— А теперь ты. Не обязательно делать это, как я. Ты всё же парень.
Голова юноши закружилась, в глазах поплыло, — он потерял последнее ощущение реальности, страх, стыд, любопытство и желание наполнили его с такой силой, что он, казалось, вот-вот потеряет сознание.
— Но я не… — горло перехватило, как веревкой.
Она улыбнулась, положив легкие ладони на его грудь.
— Я знаю, что ты красивый… весь. Я не буду смеяться…
Анмай растерялся… и тут же разозлился на себя. Он понимал, что Хьютай просто дразнит его, — но привычная мальчишеская решимость уже не давала ему отступить.
Уже чувствуя, что всё это происходит в каком-то неприличном сне, по одной подогнув ноги, он сбросил легкие сандалии, встав босиком на прохладный гладкий пол, вновь искоса глянул на Хьютай, — и смущенно опустил глаза, расстегивая рубаху. Никакого возбуждения он уже не чувствовал, — лишь смущение. Он никак не мог поверить, что и впрямь решил раздеться перед ней.
Пуговицы на рубахе неожиданно быстро закончились, и руки, как-то сами собой, легли на тисненый кожаный ремень. Анмай ощутил, как по коже мощной волной разливается тепло, и понял, что краснеет.
Смущенно отвернувшись, он сбросил на пол рубаху, расстегнул ремень, стянул с бедер штаны вместе с плавками, отбросил их в сторону, — и вновь замер, чувствуя скользивший по телу невесомый взгляд Хьютай.
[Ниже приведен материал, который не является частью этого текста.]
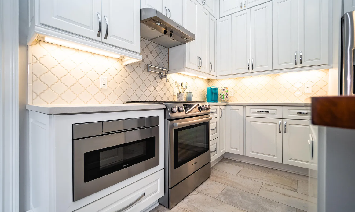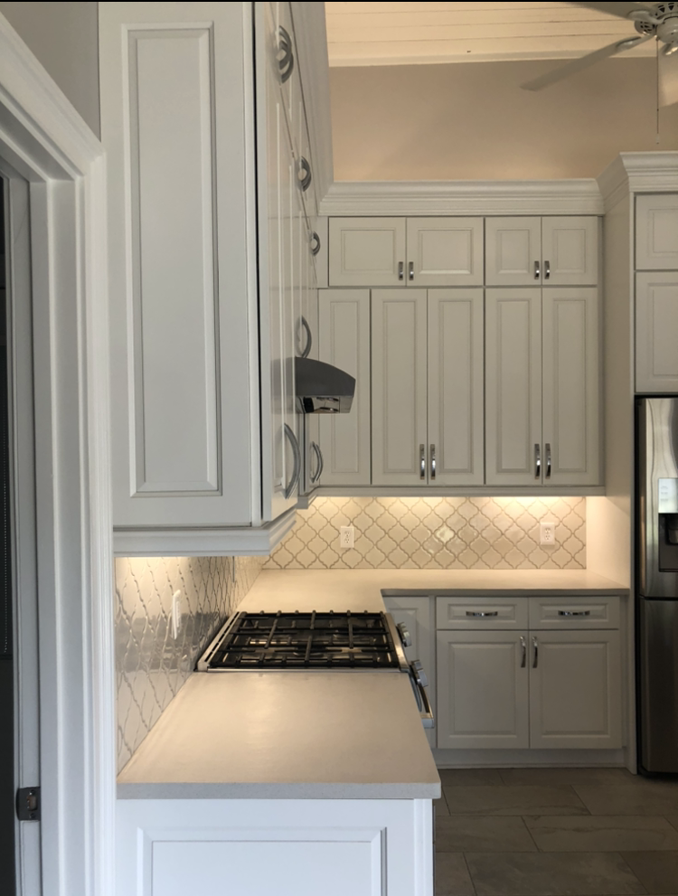 Gramercy White Cabinets, White Quartz, and Arabesque Tile

Обнаженная кожа ощутила легчайшее, цепенящее прикосновение прохладного воздуха, и его соски напряглись под волной тонкого, как паутинка, озноба.
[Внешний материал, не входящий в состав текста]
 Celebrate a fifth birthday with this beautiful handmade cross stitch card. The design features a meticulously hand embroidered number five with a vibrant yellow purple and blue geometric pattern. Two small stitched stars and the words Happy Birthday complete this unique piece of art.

— Повернись, — тихо сказала Хьютай.
Анмай на секунду задохнулся: его твердая плоть тоже напряглась так, что почти прижалась к животу, — и, чувствуя, что стыд вот-вот одолеет решимость, он резко крутанулся на пятках, ощутив, как от волнения темнеет в глазах. По его мышцам волной прошла судорога, они сократились… рельефно обозначились на всем его теле… его рот приоткрылся, глаза расширились, он непроизвольно и глубоко втянул живот, поджал пальцы босых ног, — рослый, широкогрудый, такой же гибкий и стройный, как смотревшая на него девушка. Взгляд Хьютай скользил по его лохматой черной гриве, испуганному юному лицу, стыдливо опущенным глазам…
— Я не знала, что ты такой красивый, — наконец, сказала она. — Говорил ли тебе кто-нибудь, что ты, нагой, красив?
— А? — глупо протянул Анмай. — Нет, никогда.
Хьютай рассмеялась, когда он растерянно попытался посмотреть на себя через плечо.
— Значит, я первая! Ты очень красив. Я никогда не видела такого красивого юноши… и такого застенчивого… и никто не нравился мне так сильно, как… как ты, хотя я, в общем, знаю тебя всего пару часов. За эти девять лет мы очень изменились… но… я не знаю. Теперь мне кажется, что я знала тебя всю жизнь… Откуда у тебя такой шрам? — она тронула бледную рваную полосу, идущую наискось по ребрам, точно против сердца.
Анмай промолчал. Кончики её пальцев нежно скользнули по неровно зажившей коже. Он вздрогнул.
— Тише, тише… Не бойся. Я же люблю тебя…
Она остановилась в полушаге, глядя на него снизу вверх. На её красивых губах застыла слабая, задумчивая усмешка. Нагая кожа юноши ощутила томное тепло её тела. По ней волной прошел озноб, затем его бросило в жар. Голова закружилась от желания. Насмешливые глаза Хьютай заняли, казалось, весь видимый ему мир…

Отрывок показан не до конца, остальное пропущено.